Showing posts with label Florida (fiction). Show all posts
Showing posts with label Florida (fiction). Show all posts

Monday, October 4, 2021

Tough and Tender


The Closest I've Come
by Fred Aceves
New York, NY : HarperTeen, an imprint of HarperCollinsPublishers, [2017]
310 p. ; 22 cm. 

I'm a sucker for a book with heart, and this novel had me pretty early on.  It's about a Latinx young man growing up poor in Tampa, Florida and struggling to find love, a way out of his impoverished neighborhood, and a way out of the restrictions of having to keep up a tough macho front.  He also is trying to survive a negligent alcoholic mother and her racist and abusive boyfriend who lives with and sponges off of them.

What are the things I especially liked about this book? I love that though Marcos, the main character, is smart and at times humorous, he is not constantly throwing out witty, hip comments and comebacks. In some YA books the protagonist feels like an attempt by the author to come up with a contemporary Holden Caulfield that doesn't ring true. In this novel, Marcos is so believable. He is also believable in his struggle to become a more authentic human being - we get glimpses of his true feelings through his inner thoughts and those feelings get expressed imperfectly (as they do with most people growing up).  I also love the romance (or desired romance) that forms a core of the novel.  It doesn't follow the conventional route in resolving itself and that is refreshing. I appreciated the portrayal of teachers in the book; they are not stereotyped as saviors or villains, but as people who have a tough job and can be really kind. The book also deals with race and cliques in ways that don't feel incredibly heavy handed or unrealistic.

I also love a book that bluntly reveals the struggles of being poor as just the matter of fact situation someone finds themselves in. Marcos just gets by with having to wear crummy shoes and just enough clean t-shirts to look good at school. One of his buddies - the academically most successful of the bunch - starts dealing drugs for an aunt in order to make more money - a decision that is treated realistically. Finally, I should mention that the book helpfully portrays the complicated situation a young person can find themselves  in when an adult in their household is physically and emotionally abusive.

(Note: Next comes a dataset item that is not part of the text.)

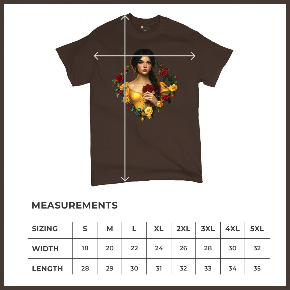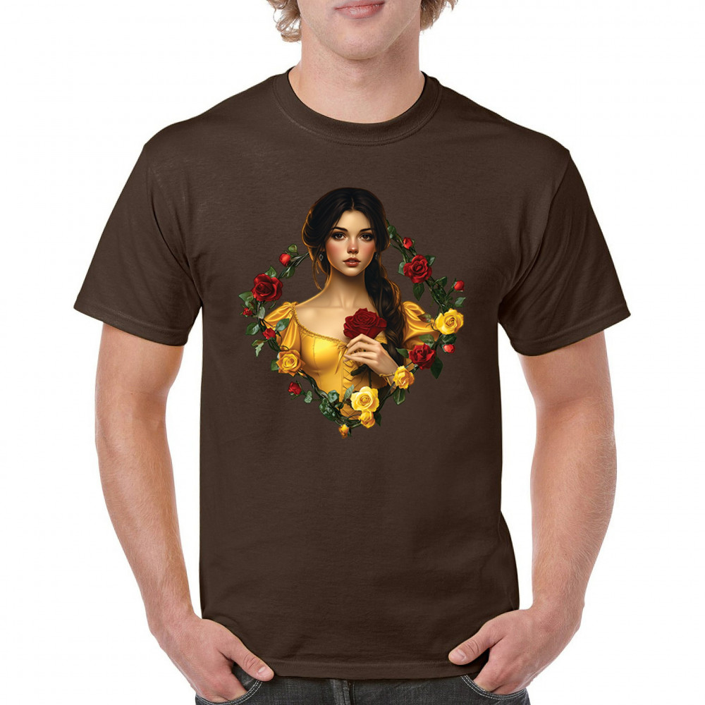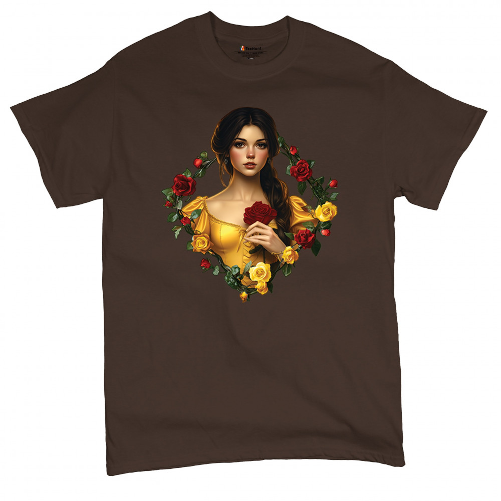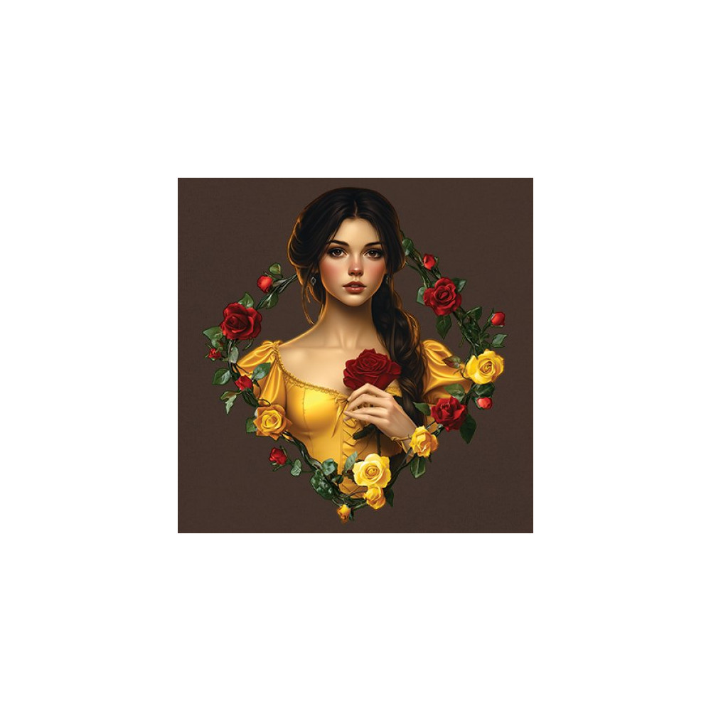 Inspired by classic fairytales, this design features a girl in a yellow gown holding a red rose, framed by rich red and yellow roses. A tribute to Beauty and the Beast, it radiates warmth, romance, and timeless fantasy. Perfect for storybook lovers, enchanted art collectors, or those drawn to magical, symbolic imagery filled with beauty and grace.

Would I recommend The Closest I've Come? I definitely would. I think it would satisfy a lot of different kinds of readers.


Friday, April 3, 2020

Cruel School

Florida School for Boys (Dozier School)

The Nickel Boys
by Colson Whitehead
New York : Doubleday, [2019]  
213 p. ; 22 cm.
 
After reading Whitehead's The Underground Railroad, I knew I wanted to read his latest novel - The Nickel Boys.  Underground Railroad was brutal at times, but the fantastic nature of the novel helped me as a reader keep it's terror at bay - there is no such consolation in Nickel Boys, especially when you realize that the novel is firmly grounded in the real-life horrors that occurred in the Dozier School for Boys in the Florida panhandle. 

Whitehead's novel is set in the mid-60s and involves a stand-up African American high school student - Elwood- who is headed for college near Tallahassee.  But being a young black man in Jim Crow Florida lands Elwood in a reform school for boys that is run with sadistic cruelty, racism and corruption.  There, the idealistic Elwood faces the barbarism of the school and becomes friends with the more savvy Turner who is willing to help them both survive (boys in the school are sometimes killed by the staff both in real-life and in the novel). The novel is a taught and terrifying story of survival in the cruelest of environments. The reader never knows what will happen to the characters right up until the shocking ending. 

As I mentioned in my post about The Underground Railroad, Whitehead is a superb writer and - if you can endure the cruelty of the events - the novel is well worth reading.